'Baskets' Got Martha Kelly Into Character and Away from Standup
PASADENA, CA -- Martha Kelly can say that working on the new FX drama Baskets was “the most magical time of my life” without betraying even a hint of an expression.
In fact, she does say it that way, which is exactly the skill she needed to play a character also named Martha in Baskets, which premieres Thursday at 10 p.m. ET.
Martha is an insurance adjuster who becomes the assistant to Zach Galifianakis’s Chip Baskets, a rodeo clown in Bakersfield.
Chip and Martha are a perfect team because he emotes a lot and she emotes hardly ever. When she needs to convey a major emotional shift, she stops looking blank and starts looking expressionless.
That’s an exaggeration. A slight exaggeration. Kelly also says it’s just part of her skill set.
“I had never acted before,” she says, “and I did nothing to prepare for this experience except memorize my lines, most of which we changed anyway.
“Good actors think about the emotion in a scene.

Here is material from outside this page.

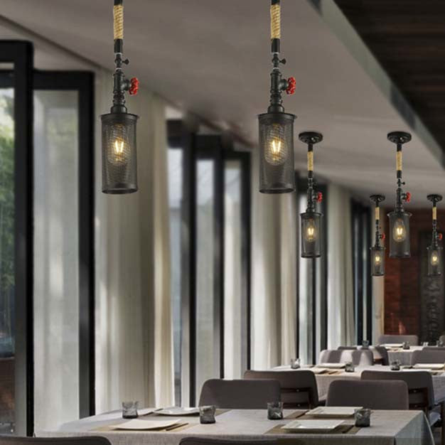 This product is an industrial-style ceiling light with a mesh screen design. It is made of metal and features a rotatable shade with a cylinder design. The light is compatible with LED, incandescent, and fluorescent bulbs. It has a voltage of 220V-240V 110V-120V and a bulb base of E26/E27.

That didn’t even occur to me.”
Her biggest burst of preplanning was checking out her wardrobe.
“Martha wears some really goofy clothes,” she says. “We had a fitting, and I was a little concerned, because I didn’t want to look like an idiot on TV. But when we got to the scenes, they seemed appropriate.”
In real life Kelly is a standup comedian who recently moved to Austin from Los Angeles. She has an impressive comic resume, with appearances on Conan O’Brien, Craig Ferguson’s Late Late Show and Comedy Central.
She’s been friends with Galifianakis since 1998, but admits she always resisted his attempts to get her into acting. Until Baskets, which she liked.
“It had Zach and the two Louies,” she notes, referring to Louie Anderson and Louis C.K., whose production company developed Baskets with Galifianakis. “I didn’t have to know anything about the show to trust them.”
In fact, she says, “I felt intimidated the first time I met Louis C.K., because I’m such a fan.”
The premise of Baskets is that Chip wanted to become a clown in France, so his mother –played by Anderson – sent him to French clown school. Trouble is, he speaks no French, so he washed out and came back home, where he took the only available clown job, at the rodeo.
This leaves him with a lot of family issues, some involving his twin brother Dale. A small vehicular mishap brings Martha into his life, and she immediately begins doing whatever he wants or needs, despite the fact he takes out much of his life frustration on her.
“I was attracted to the absurd humor of Martha being really nice all the time to someone who’s so mean to her,” says Kelly. “I love that stuff.
“And Dale is even meaner, to everybody.”
As the show goes on, she admits, Chip occasionally softens a little. But he stays a long distance away from nice, which keeps the dynamics intact.
Where most shows with single male and female characters eventually get to a “will they or won’t they,” Baskets feels like it’s continents away from Chip even entertaining that possibility.
This might sound like it could make Martha seem sad. Or creepy. Kelly says she feels neither.
“There’s a sad and sweet undertone,” she says. “And I don’t see any creepiness in any part of the character. To me, she’s just fun to play.”
Kelly says the show was fun to film, too.
“Acting is completely different from the standup world,” she says. “You have these 12- or 14-hour days, but you have a great time doing it. It’s like hanging out with your friends.”
Interestingly,she says, “Standup is very social, too, off stage,” and she likes that world. But with a twist.
“I love to watch standup,” she says. “I love a whole range of standup. Janeane Garofalo, Cedric the Entertainer, Patton Oswalt, the Louies and Zach of course. I’m on Facebook, so I keep up with the comedy world. I know who’s been booked on shows, who’s going to Montreal.
“I’m glad for them. But there’s also jealousy, even when it’s people I love. When you have everyone vying for a few jobs, you get this conflict of envy and happy.”
So in that spirit, she says, “I’m trying to really appreciate every single thing I get to do, like this show. A lot of people work hard for an opportunity like this, and it fell into my lap. I want to realize that and enjoy it.”
And no, her fans are unlikely to hear any Baskets comedy in her upcoming sets.
“Most of my standup is about stuff that makes me uncomfortable,” she says. “There are also things I don’t joke about. I don’t do jokes about the people who helped me get sober.
“But nothing on this show made me uncomfortable. When there’s nothing traumatic, I usually won’t be writing any jokes.”
Besides, sometimes just a straight face is enough.